Future Perfect Tense

As I’m sure you remember from 8th-grade grammar, the English future perfect tense is characterized by the use of  the phrase “will have.” For example, by this time next year I will have learned to live more simply and shed unnecessary distractions from my life.

This grammatical phrase also serves as a pretty good description of where I stand in my life right now. I want my future to be more perfect because right now I’m too damn tense. All (alleged) humor aside, perfection is a tough goal to reach. Striving for perfection with an improper mindset can actually increase your stress. I have more work to do and more obligations to satisfy at home so I have to sleep less and do more to make everyone happy. I’ve tried that approach for going on three years now, and the only thing it accomplishes is the accelerated graying of my hair.

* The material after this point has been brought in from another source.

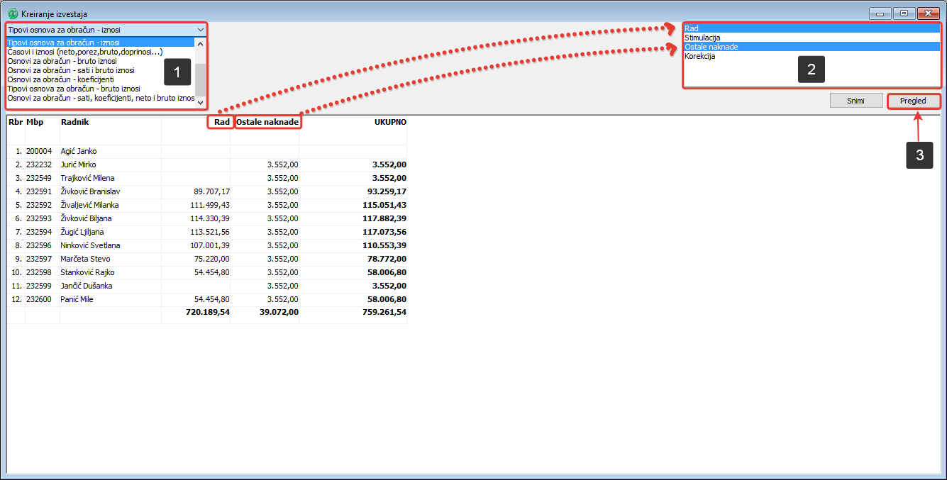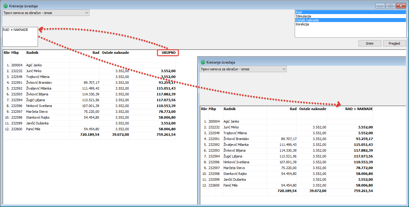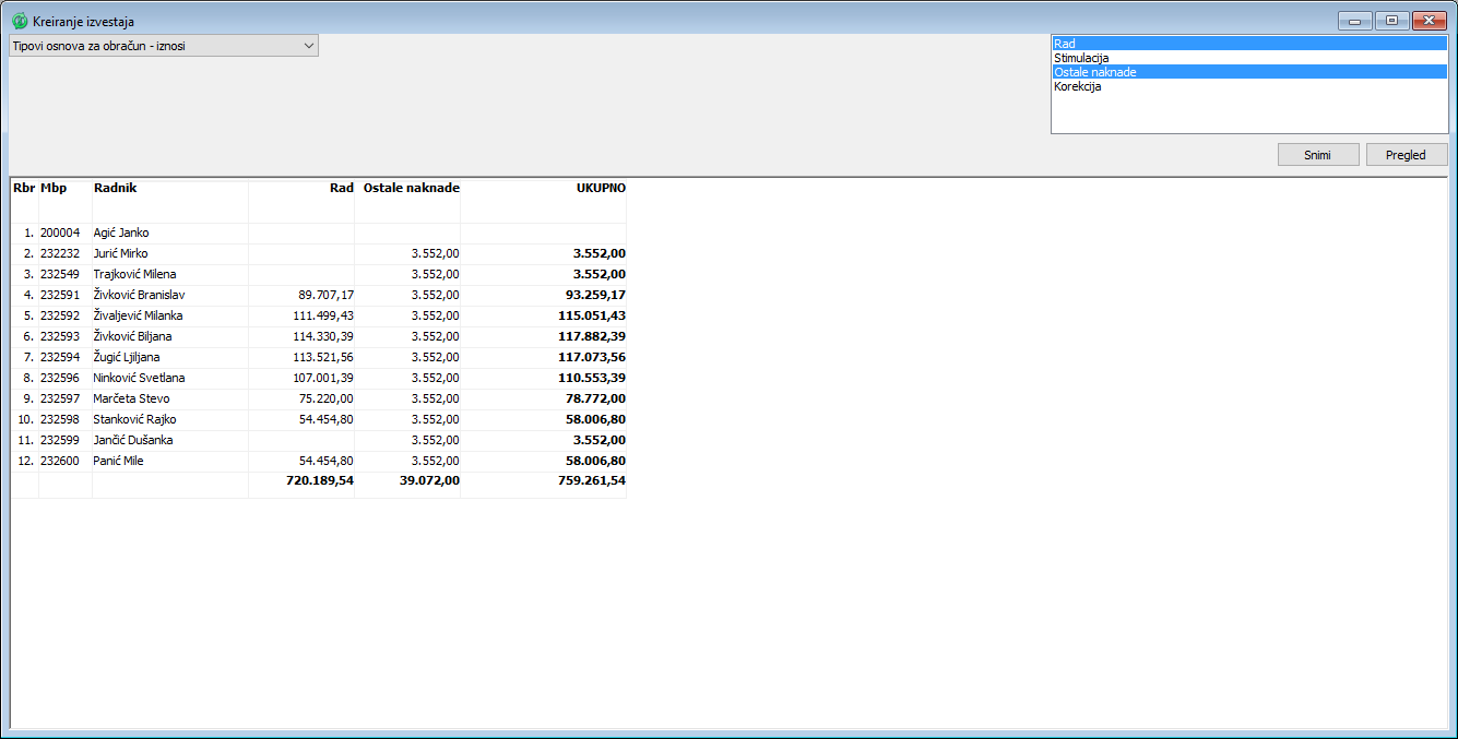 . U okviru prozora za kreiranje izveštaja moguće je kreirati niz slobodnih izveštaja po obračunima na osnovu raspoloživih tipova osnova i svih pripadajućih osnova. Kreirani izveštaj je moguće proveriti klikom na dugme Pregled i ukoliko je izveštaj kompletan i tačan može se trajno upamtiti izgled, naziv i naslov izveštaja klikom na dugme "Snimi". Kreirani izveštaj će biti automatski pridodat spisku izveštaja u prozoru "Izveštaji".

When the quest for perfection fails, the only thing left is steady, continuous improvement. At almost 38 years old, I have so many areas to improve, but I can address most with the following six activities.

  • Sleep regularly
  • Eat better
  • Exercise often
  • Write more
  • Spend more time with my family and friends
  • Simplify wherever possible

Nothing on this list seems all that difficult to accomplish, and yet I find myself sleep-deprived, out-of-shape, junk-food-fueled, overworked, undersocialized and generally stressed about the complexity of my life.

Work spills into home life often at the expense of regular sleep. Staying up late with my wife after the kids go to bed and waking up late because I’m not well-rested the next day keeps me too tired to exercise. Who really wants to eat better when there’s tasty restaurant food and snacks and desserts and drinks to be had at home and the office? I haven’t seen many of my closest friends in months. School, work and weekend activities work in concert to steal away the daysweeksyears we had planned for backyard barbecues and weekend football watch parties.

During times of great stress, I wonder just how I’ll affect something with this much momentum. It’s too big, too much and too overwhelming for me to fix.

The biggest revolution and the tiniest kindness all happen in exactly the same way — one step at a time. My path should be no different.